We Would Buy All the Corporate Bonds the IMF Wishes to Sell

Our U.S. Corporate Health Monitor remains firmly in improving health territory, which historically lines up very well with periods of corporate bond outperformance. Apart from corporate sector fundamentals, our default rate outlook also continues to support an overweight allocation to credit risk.

Our model suggests that the default rate will continue to trend lower during the next twelve months:

One of the key parameters in our default rate model is the willingness of the banking sector to extend credit to the business sector. Banks have steadily eased their lending standards on commercial and industrial loans in all but one quarter since early 2010. In the past three major default cycles, tighter lending standards have been a strong predictor of an escalation in corporate default activity with a lead time of 9 to 18 months. In turn, bank lending standards are guided by monetary policy and tend to tighten in concert with a move by the Fed into restrictive monetary territory.

Tighter financial conditions are a risk to the corporate sector especially if they coincide with a period of heavy refinancing requirements.
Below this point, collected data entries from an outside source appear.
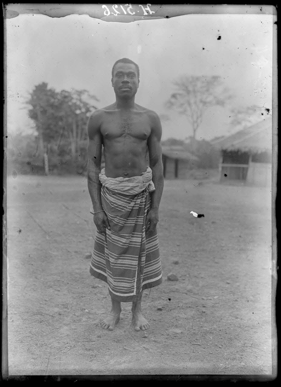 Portrait en pied d'un homme de l'ethnie Batéké, habitant les rives du Ntem, ou rio Campo.
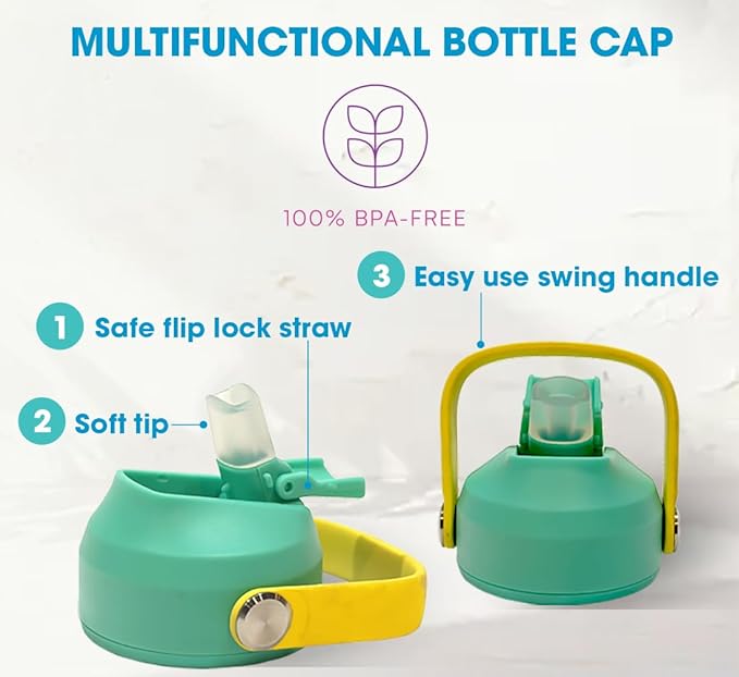 • Convenient Portability: Our kid-friendly water bottle boasts a 12oz capacity and a robust swivel handle attached to the lid, perfect for children with petite hands. But that's not all – we also include an additional bottle strap for added convenience. Whether it's slung over the shoulder, hooked onto a backpack, or carried by hand, our versatile design ensures effortless hydration for your child on any occasion – be it outings, school days, sports activities, or exciting adventures.
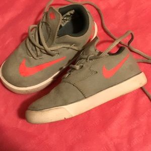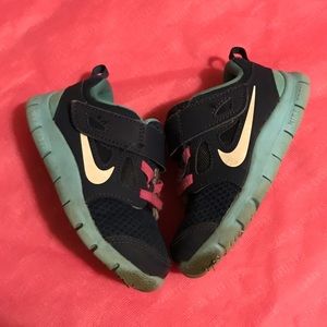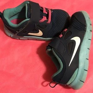 Selling 2 pairs of NIKE sneakers in size US TODDLER 7, UK 6.5. clear signs of wear and some dirt on each shoe. *The gray colored ones w/ coral colored 'check mark' are in a little better condition than the blue with some signs of dirt near the bottom. *The blue pair w/ pink 'check mark' shows more signs of wear than gray and the threads are coming out where the Velcro is. It has faux pink laces. NIKE FREE 5 edition. *** $15.00 for both
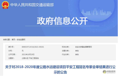 根据《交通运输部办公厅 应急管理部办公厅 中华全国总工会办公厅关于组织公路水运建设项目平安工程冠名工作的通知》(交办安监〔2021〕14号),为充分发扬民主、广泛听取意见、接受社会监督,经过省厅推荐、条件审查、专家评审,现就2018-2020年度公路水运建设项目平安工程冠名专家会审结果进行公示。
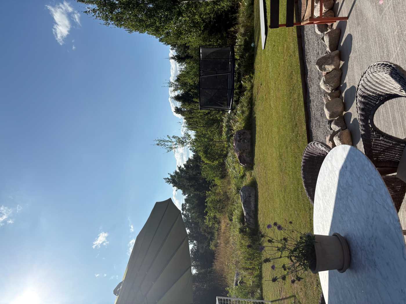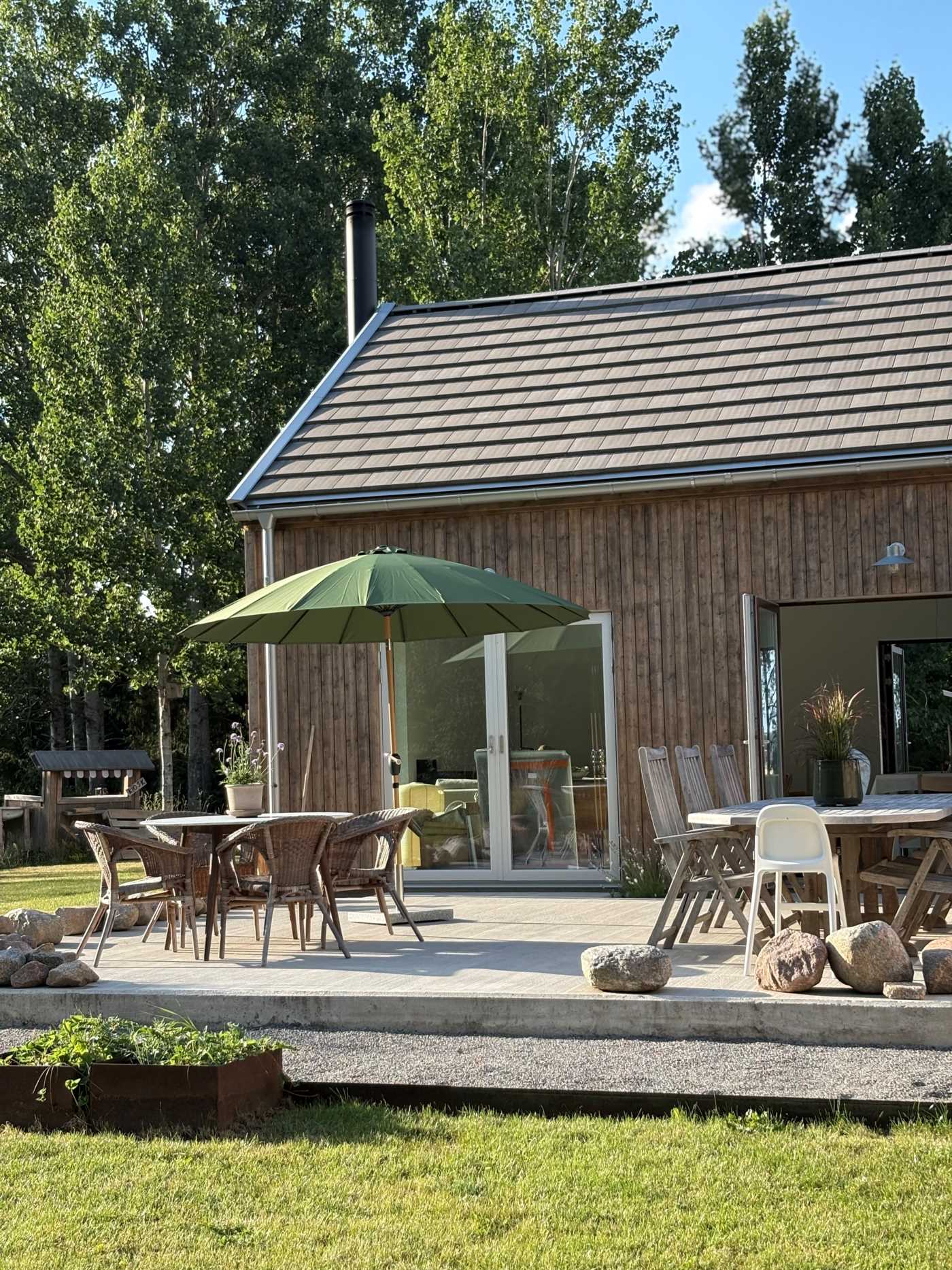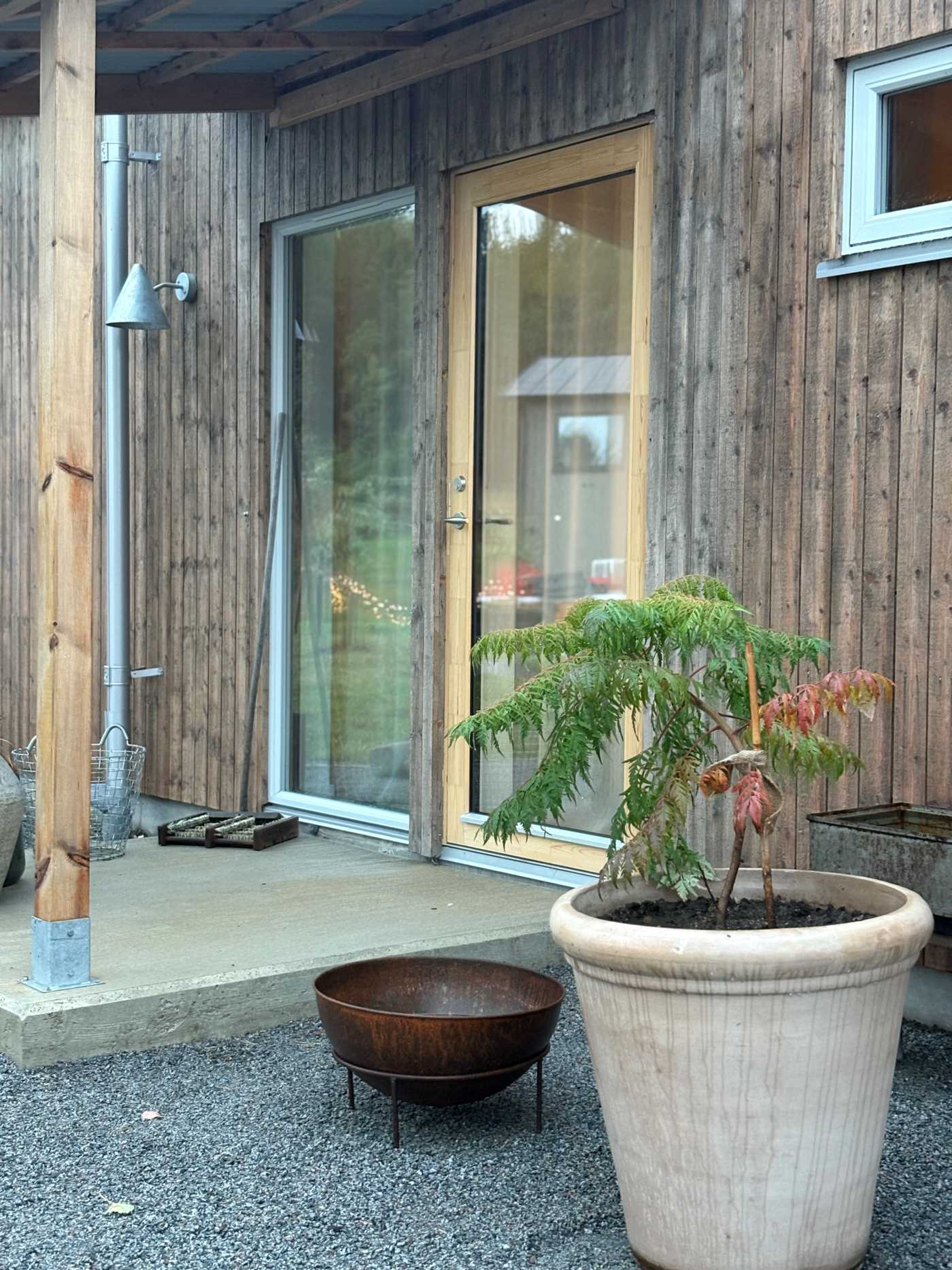 I anslutning till köket finns en rymlig matplats som rymmer stora sällskap. Härifrån nås via helglasade pardörrar den underbara och skyddade uteplatsen i vinkel och via likadana pardörrar nås på motsatt sida husets ena gavel med grillplats och vacker utsikt.
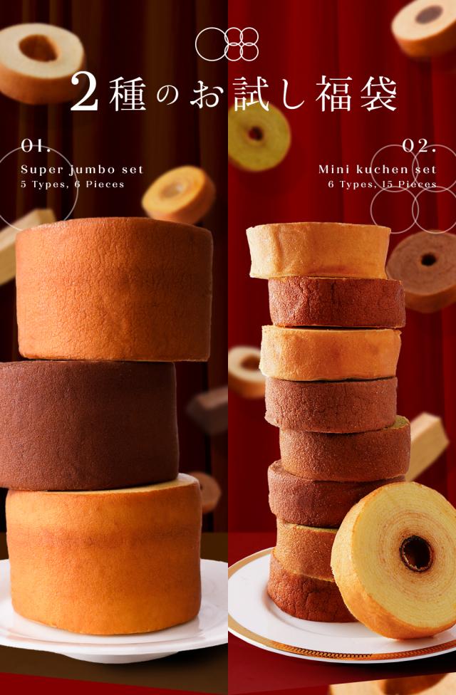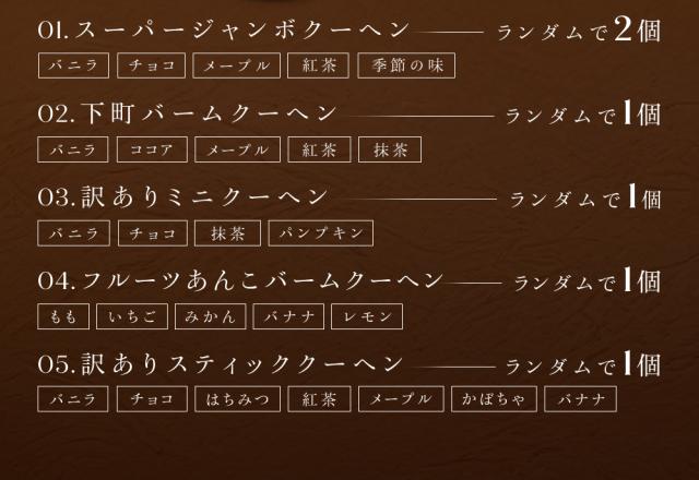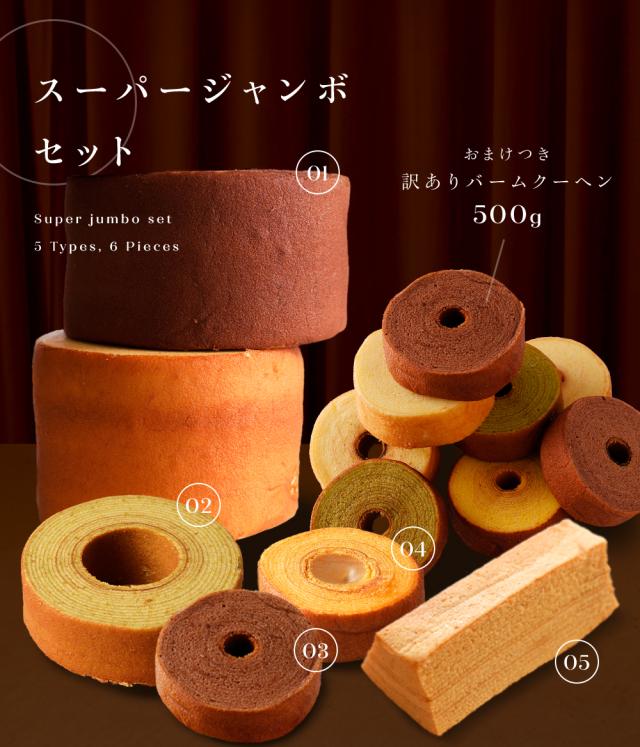 スーパージャンボクーヘン×2、下町バームクーヘン×1、ミニクーヘン×1、スティッククーヘン×1、フルーツあんこバームクーヘン×1
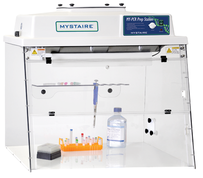 Mystaire® MY‑PCR prep stations are compact laminar flow enclosures that reduce the risk of sample contamination while performing polymerase chain reaction experiments. Airborne contaminants are prevented from entering into the work zone through constant positive pressure HEPA filtered air. Each PCR prep station is equipped with a built-in 254 nanometer shortwave lamp to effectively decontaminate the work area between amplifications. Safety interlocks are included on all PCR prep stations to prevent operator exposure to potentially harmful UV radiation. MY‑PCR prep stations are bench‑top personal clean zones allowing the operator to amplify RNA and DNA while minimizing the potential for background from airborne contaminants.
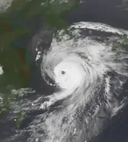 Tropical Depression 05W formed on July 15 and was named Faye the next day as it intensified into a tropical storm. On July 19, Faye became the first typhoon of the season, tied for the second latest date of the first typhoon with 1977, only behind Otto of 1998. It tracked northwestward and eventually reached a peak of 120 mph (190 km/h) 1-min winds and a minimum pressure of 950 millibars. Faye turned northward, and after weakening slightly it hit the south coast of South Korea on the 23rd, before accelerating east-northeastwards and becoming extratropical.[5] 16 people were reported dead, with moderate damage from flooding.[6]

The refinancing wall comes into play beginning in late 2016 through 2018. The Fed will certainly be in the process of tightening monetary conditions during this period, but this will only present a problem for corporate debt issuers if the Fed is purposefully pushing its target rate into restrictive territory in an effort to slow economic growth and curb an inflation threat. Yes, another default wave will eventually arrive, but this does not seem likely within the next three or four years and certainly not by mid-2015 as the IMF predicts.

Bottom Line: Non-financial corporate sector fundamentals continue to improve. The default rate is headed lower on a one-year horizon and probably on a three-year horizon as well. We would buy all the corporate bonds the IMF wishes to sell.